With respect to federal programs, the Compassionate Investigational New Drug  (IND) program is a federal program administered by the National Institute on Drug Abuse.  It has been providing patients with FDA-approved marijuana since 1976.  In fact, this program was started in response to a lawsuit (Randall v. US) that the government lost.  In that decision, marijuana was deemed a medical necessity, and criminal charges were dropped.  (I’m not sure why this decision doesn’t apply to anyone today, but that’s another story.)  Since then, a small group of individuals have continued to this day to receive medicinal marijuana, grown on the only farm licensed by the federal government.  But wait, you might say, this is a research program, and the feds have always encouraged medical marijuana research.  Not that I’d say something like that, but someone might suggest that a research program is not necessarily an admission that marijuana has medical uses.  And that would be true.  But the IND program is NOT about research.  I would ask any naysayers to point me to one published study done on any of the participants of the IND medical marijuana program over the last 35 years.  And if they’re not doing research, the federal government must believe that marijuana is useful in treating these people’s various conditions.  Otherwise, the federal government would just be trafficking in a controlled substance.  And we know they’d never do that.

When it comes to research, I won’t even mention the MANY government-sponsored research programs that have found evidence to support the use of marijuana for the treatment of a variety of conditions.  In science (and in the DEA), results can always be disputed.  I’m talking about US Patent 6630507 - Cannabinoids as antioxidants and neuroprotectants. The assignee of that patent is The United States of America as represented by the Department of Health and Human Services. What this patent means is that the research has been done, and the results are conclusive enough to warrant a patent. (I didn’t even know the government could hold patents.  I always thought the results of research paid for by tax dollars was in the public domain.  Shows how much I know.)  Granted, this patent is not on raw marijuana, but on compounds derived from marijuana.  Still, how could the federal government have a patent on something that it claims doesn’t exist, like medical uses for marijuana?  Therefore, the very existence of this patent is an acknowledgment by the federal government that marijuana has some very clearly-defined medical applications.

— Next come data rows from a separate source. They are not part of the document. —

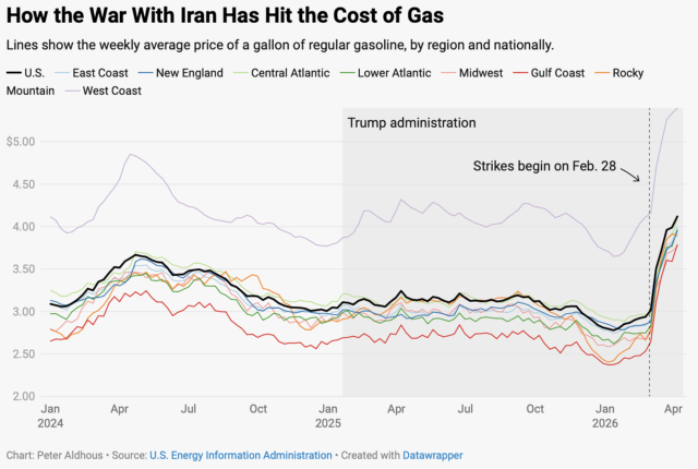 But the view is much different beneath the service station signs across the country that have flipped to more than $4 per gallon for the first time in four years. Over the past month, US households paid $8.4 billion more for gasoline compared to prices before the war on Iran began, according to a report by Democrats on Congress’ Joint Economic Committee.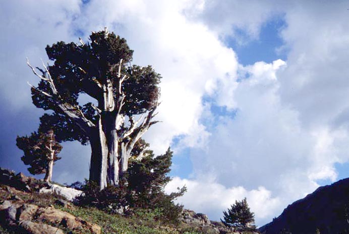 The Sierra juniper is one of the hardiest of all mountaineers. Growing mostly on ridges and rocks, these brave highlanders live for over twenty centuries on sunshine and snow. Thick and sturdy, junipers easily survive mountain storms. A truly wonderful fellow, he seems to last about as long as the granite he stands on. Surely he is the most enduring of all tree mountaineers—never seeming to die a natural death. If protected from accidents, he would perhaps be immortal. I wish I could live like these junipers, on sunshine and snow, and stand beside them for a thousand years. How much I should see, and how delightful it would be!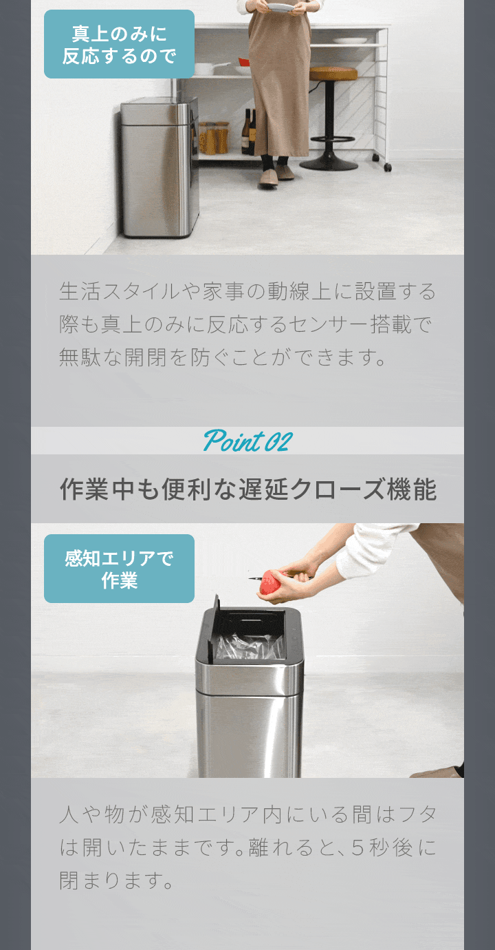 | 特記事項: ・本商品に乾電池は付属しておりません。 ・電池は新品のアルカリ電池(日本メーカー)を使用し、新旧の電池を混ぜないようにご注意ください。 ・設置する場所や環境により誤動作したり、動作しない場合がございます。周りに干渉するような物が無い場所にて動作の確認を行ってください。 【動作についての注意】 開閉が遅くなったり、蓋が途中までしか開閉しない場合、電池の残量が少なくなっている可能性があります。 必ず全て新品のアルカリ電池に交換して動作確認を行ってください。 ※古い電池が混じっているとパワーが足りず動作に異常が出る可能性があります。 【蓋のお手入れについての注意】 さっと水拭きして頂くだけで簡単にお掃除ができますが、水を多く含んだ状態で水拭きを行うと蓋の隙間から水が浸入し破損の原因となります。 水拭きを行う際は固く絞り、水をよく切ってから行ってください。 【設置場所についての注意】 蓋に水がかかってしまうような場所には設置しないでください。 水が蓋に入り込んでしまうと破損の原因となります。 |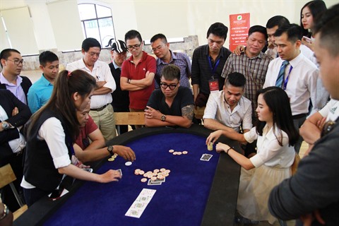 | Trân Duc Ngoc (en cravate) anime l’atelier de formation au poker, le 22 mai 2017 à Hô Chi Minh-Ville. |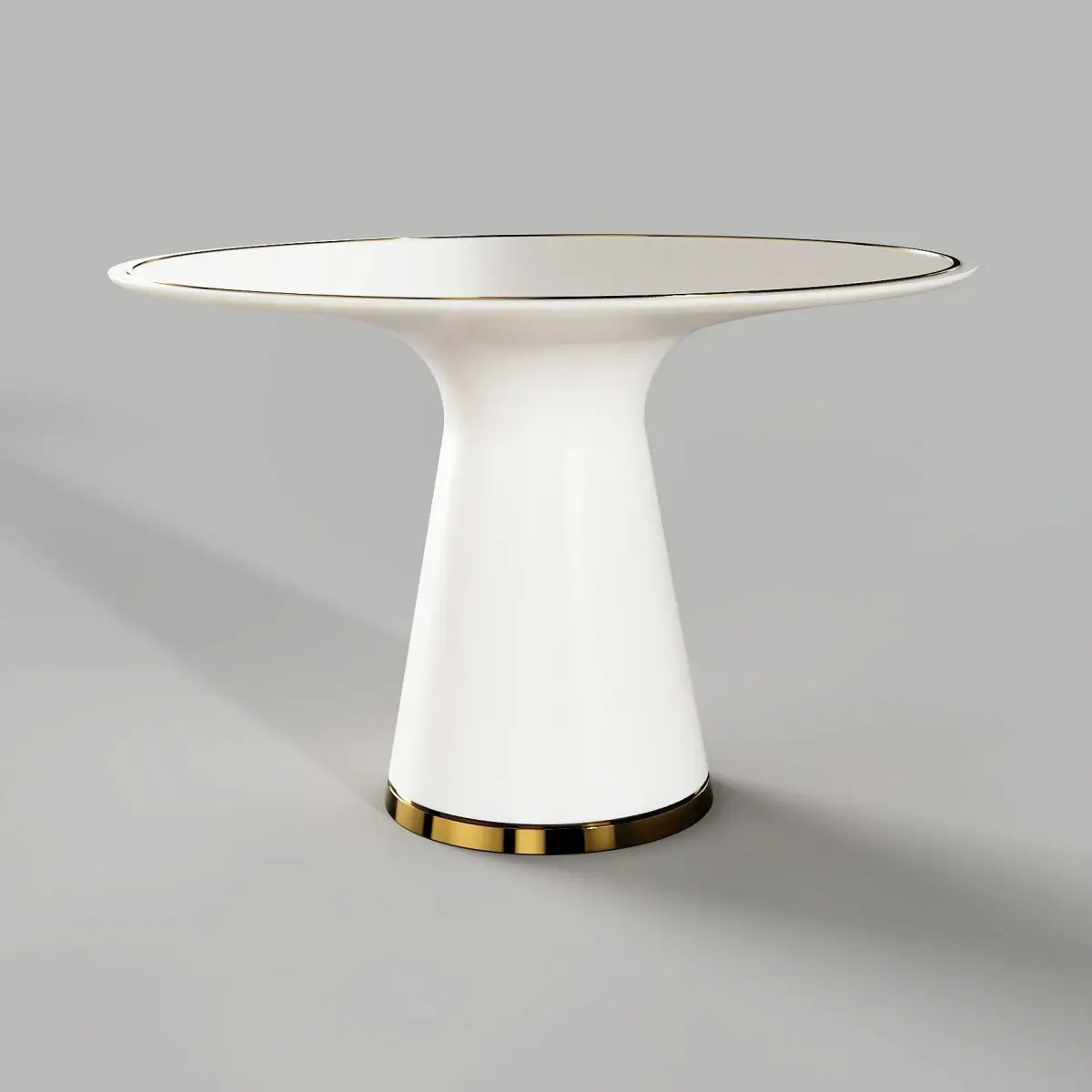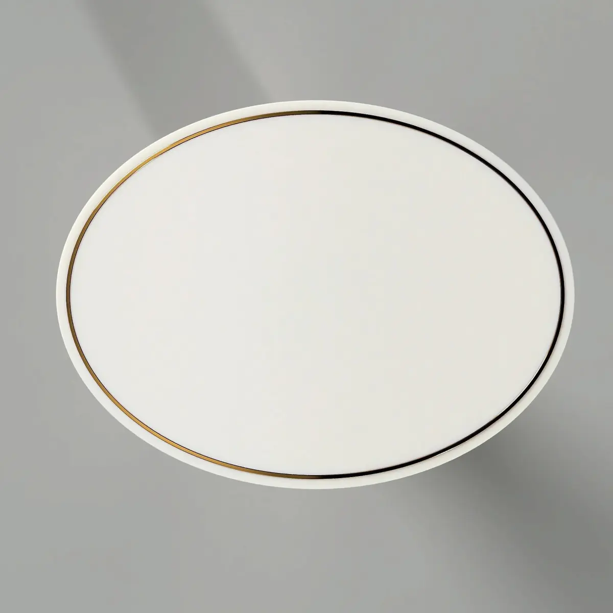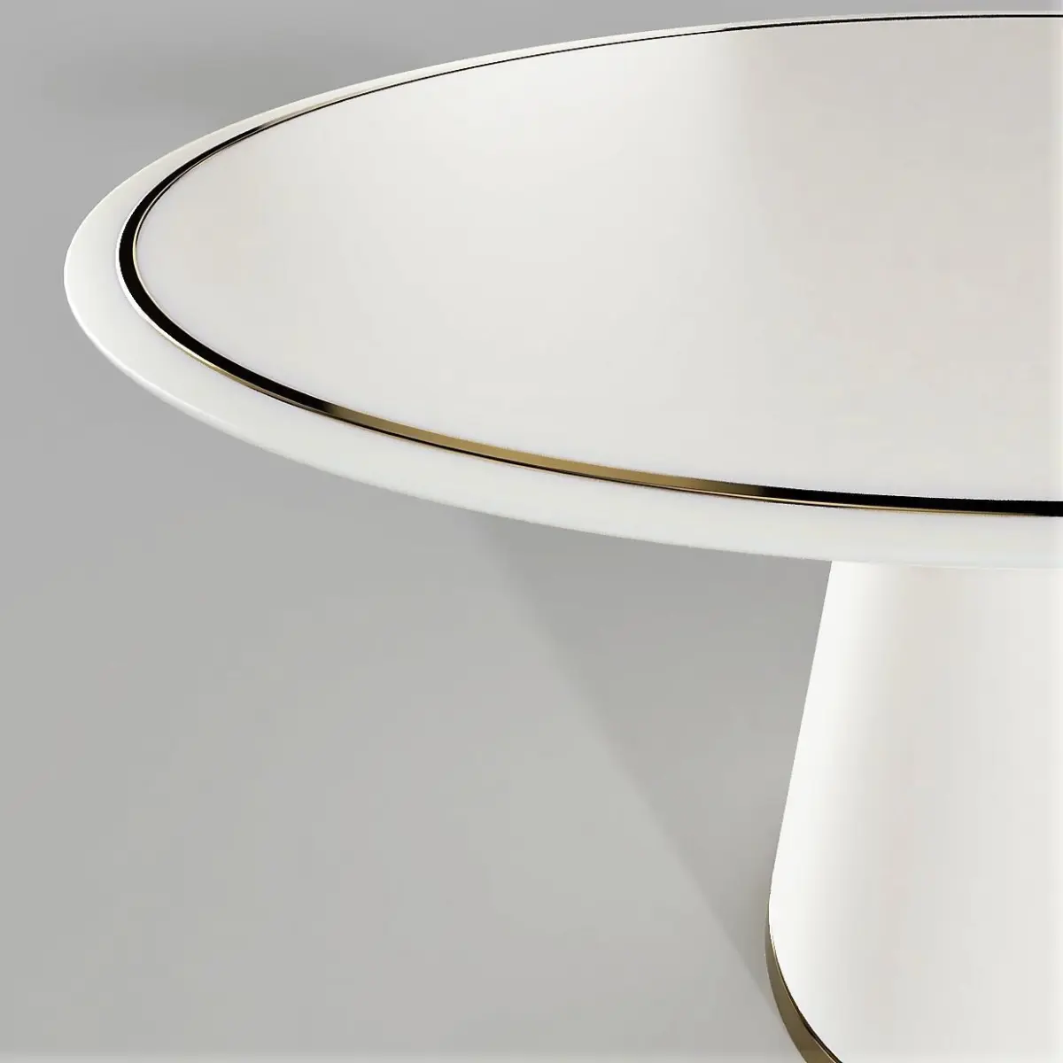 Oval white lacquered Table with a protruding brass insert on the top.Round base.Dimensions: Length 1000 mm, depth 750 mm, height 650 mm, round base diameter 400 mm.

Finally, the federal government has established a formal policy with respect to the medicinal use of marijuana. Just recently (July 2012), the Department of Veterans Affairs officially announced that it will allow patients treated at its hospitals and clinics to use medical marijuana in states where it’s legal.  Again, this is not a research program.  The DVA is saying they will allow patients to use marijuana as part of their treatment regimens.  If marijuana cannot be used safely as a medical treatment, as its Schedule 1 classification suggests, why would the DVA be subjecting our vets to such danger?  They wouldn’t, of course.  So this must be yet another acknowledgment by the federal government that marijuana has medical uses that are not inconsistent with the medical care provided by the DVA.

There are other examples of the federal government’s acknowledgment that marijuana has medical uses, like Congress explicitly allowing Washington, DC to implement a medical marijuana program.  But I believe these three are the most compelling.  So it would appear that the DEA is one of the few holdouts in the federal government, along with the NIDA, the Drug Czar, a few overzealous prosecutors, and of course the president.  So my question is, why is it the DEA that represents the federal government with respect to medical marijuana when they are clearly in the minority amongst their federal peers?